K8s Mode Prerequisites:

Kubernetes cluster (version 1.16+)
HugeGraph-Server accessible from cluster
HugeGraph-Computer Operator installed

Configuration Key Differences:

# Local Mode (computer.properties)
bsp.etcd_endpoints=http://localhost:2379  # ✅ User-configured
job.workers_count=4                        # User-configured

# K8s Mode (CRD)
spec:
  workerInstances: 5  # Overrides job.workers_count
  computerConf:
    # bsp.etcd_endpoints is auto-set by operator, do NOT configure
    job.partitions_count: "20"

3.4 Common Troubleshooting

3.4.1 Configuration Errors

Error: “Failed to connect to etcd”

Symptoms: Master or Worker cannot connect to etcd

Local Mode Solutions:

# Check configuration key name (common mistake)
grep "bsp.etcd_endpoints" conf/computer.properties
# Should output: bsp.etcd_endpoints=http://localhost:2379

# ❌ WRONG: bsp.etcd.url (old/incorrect key)
# ✅ CORRECT: bsp.etcd_endpoints

# Test etcd connectivity
curl http://localhost:2379/version

K8s Mode Solutions:

# Check Operator etcd service
kubectl get svc hugegraph-computer-operator-etcd -n hugegraph-computer-operator-system

# Verify etcd pod is running
kubectl get pods -n hugegraph-computer-operator-system -l app=hugegraph-computer-operator-etcd
# Should show: Running status

# Test connectivity from worker pod
kubectl exec -it pagerank-sample-worker-0 -n hugegraph-computer-operator-system -- \
  curl http://hugegraph-computer-operator-etcd:2379/version

Error: “Algorithm class not found”

Symptoms: Cannot find algorithm implementation class

Cause: Incorrect algorithmName format

# ❌ WRONG formats:
algorithmName: pageRank   # Camel case
algorithmName: PageRank   # Title case

# ✅ CORRECT format (matches PageRank.name() return value):
algorithmName: page_rank  # Underscore lowercase

Verification:

# Check algorithm implementation in source code
# File: computer-algorithm/.../PageRank.java
# Method: public String name() { return "page_rank"; }

Error: “Required option ‘algorithm.params_class’ is missing”

Solution:

computerConf:
  algorithm.params_class: org.apache.hugegraph.computer.algorithm.centrality.pagerank.PageRankParams  # ⚠️ Required

3.4.2 K8s Deployment Issues

Issue: REMOTE_JAR_URI not working

Solution:

spec:
  envVars:
    - name: REMOTE_JAR_URI
      value: "http://example.com/my-algorithm.jar"
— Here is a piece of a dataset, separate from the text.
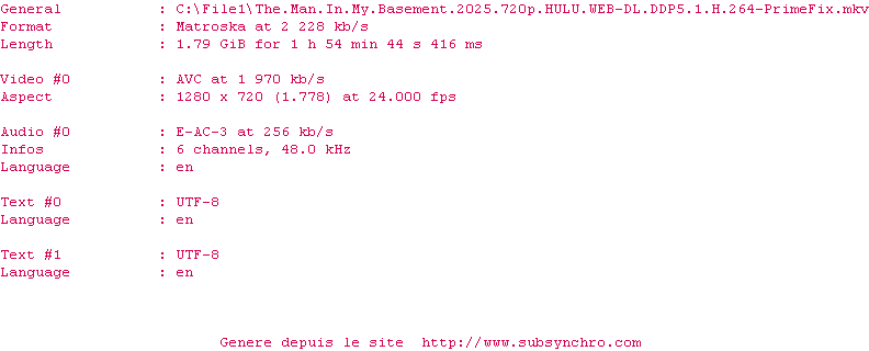 Voir le nfo de la release The.Man.In.My.Basement.2025.720p.HULU.WEB-DL.DDP5.1.H.264-PrimeFix

Issue: Etcd connection timeout in K8s

Check Operator etcd:

# Verify etcd is running
kubectl get pods -n hugegraph-computer-operator-system -l app=hugegraph-computer-operator-etcd
# Should show: Running

# From worker pod, test etcd connectivity
kubectl exec -it pagerank-sample-worker-0 -n hugegraph-computer-operator-system -- \
  curl http://hugegraph-computer-operator-etcd:2379/version

Issue: Snapshot/MinIO configuration problems

Verify MinIO service:

# Test MinIO reachability
kubectl run -it --rm debug --image=alpine --restart=Never -- sh
wget -O- http://minio:9000/minio/health/live

# Test bucket permissions (requires MinIO client)
mc config host add myminio http://minio:9000 minioadmin minioadmin
mc ls myminio/hugegraph-snapshots

3.4.3 Job Status Checks

Check job overall status:

kubectl get hcjob pagerank-sample -n hugegraph-computer-operator-system
# Output example:
# NAME              JOBSTATUS   SUPERSTEP   MAXSUPERSTEP   SUPERSTEPSTAT
# pagerank-sample   Running     5           20             COMPUTING

Check detailed events:

kubectl describe hcjob pagerank-sample -n hugegraph-computer-operator-system

Check failure reasons:

kubectl get events --field-selector reason=ComputerJobFailed \
  --field-selector involvedObject.name=pagerank-sample \
  -n hugegraph-computer-operator-system

Real-time master logs:

kubectl logs -f -l component=pagerank-sample-master -n hugegraph-computer-operator-system

All worker logs:

kubectl logs -l component=pagerank-sample-worker -n hugegraph-computer-operator-system --all-containers=true

4. Built-In algorithms document

4.1 Supported algorithms list:

Centrality Algorithm:

PageRank
BetweennessCentrality
ClosenessCentrality
DegreeCentrality

Community Algorithm:

ClusteringCoefficient
Kcore
Lpa
TriangleCount
Wcc

Path Algorithm:

RingsDetection
RingsDetectionWithFilter

More algorithms please see: Built-In algorithms

4.2 Algorithm describe

TODO

5 Algorithm development guide

TODO

6 Note

If some classes under computer-k8s cannot be found, you need to execute mvn compile in advance to generate corresponding classes.